Wednesday, January 03, 2007

here's my problem

Here's the thing- I am a really, inordinatly, outrageously wholistic thinker. Show me one dot and I can see the planet. I'm not kidding. So where that gets me in trouble is thusly; when I receive some criticism or difficulty at work, say, from my boss, then very easily I can make these associations:
my boss doesn't support me.
no bosses do or will support me.
the problem is with this entire organization.
I can not go on working for this organization.
Now here's the thing: am I really very well able to see the systemic problems in an organization, or am I just hysterical?
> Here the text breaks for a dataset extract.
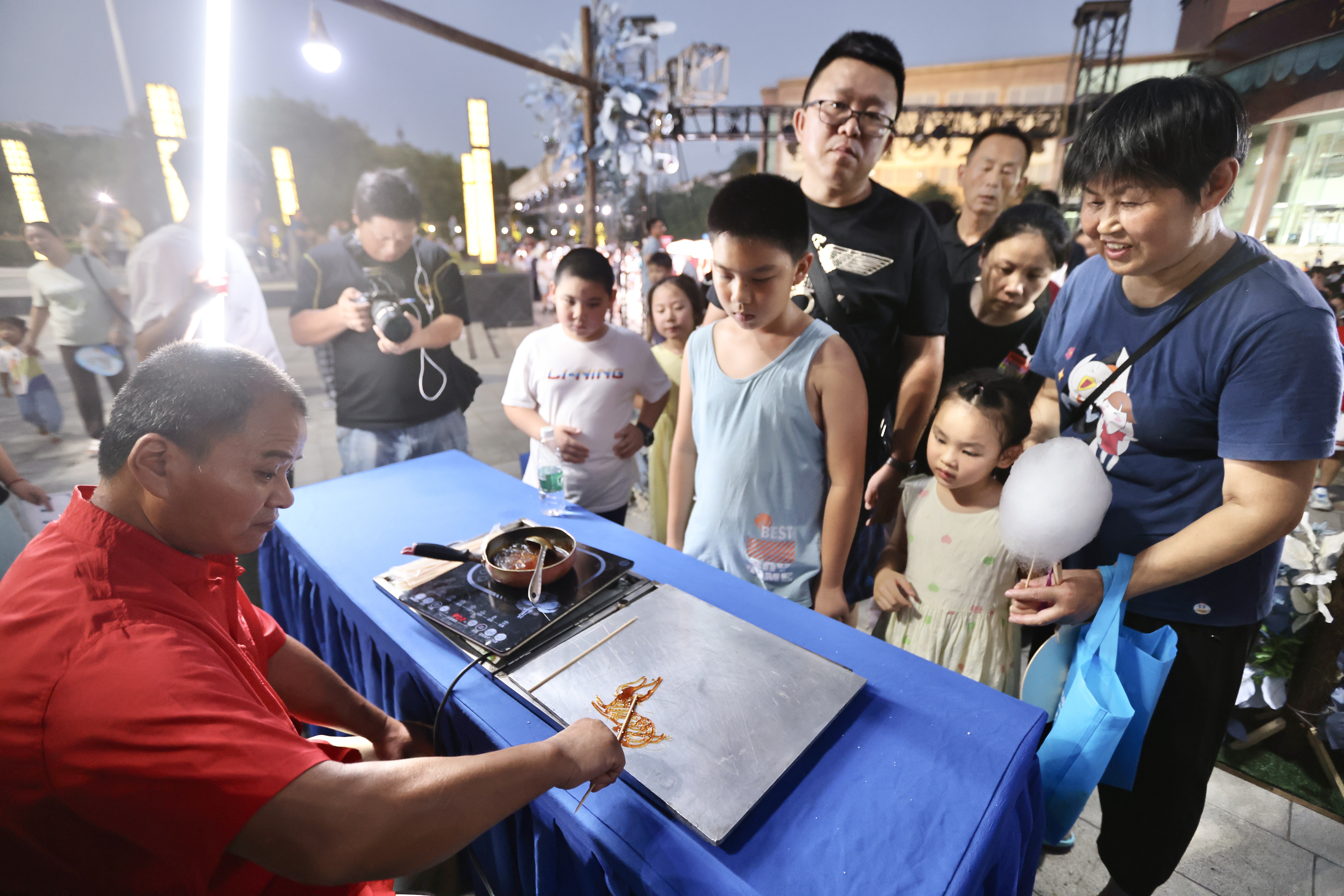夜幕降临,中心文化广场上早已熙熙攘攘。这个夜晚,广场化身为户外公益集市,非遗表演、手工制作等缤纷活动,吸引近千名市民前来休闲和赏玩。书法团扇、剪纸、糖画、泥人、棉花糖……每个特色“摊位”前都挤得水泄不通,人们像“赶集”般走走逛逛,在轻松欢快中感受文化浸润、文明新风。

Maybe any given criticism is just that, criticism... but maybe it really is a tip of the ol' iceberg.
And so, ultimately, I can't tell which is God's voice, and which is... not. (could it beeee......mmmmmSaaaaatannn???)

2 comments:

HerMajesty00 said...

Are you this way in other important relationships say with your parents or spouse or special friends?
If you are then its neither God nor Satan, but a character flaw that is going to require some skill, effort, and maybe prof. help to deal with.
But if it only crops up at work, then perhaps it truly is your seeing the 'forest amoung the trees' ability and perhaps it is a nudge to look elsewhere, where seeing the forest is an important and valued gift.
You have so many amazing gifts! It is more difficult for people whose job is also their vocation- and that doesnt seem to be the least bit fair!

Anonymous said...

I wouldn't touch this one with a ten foot pole!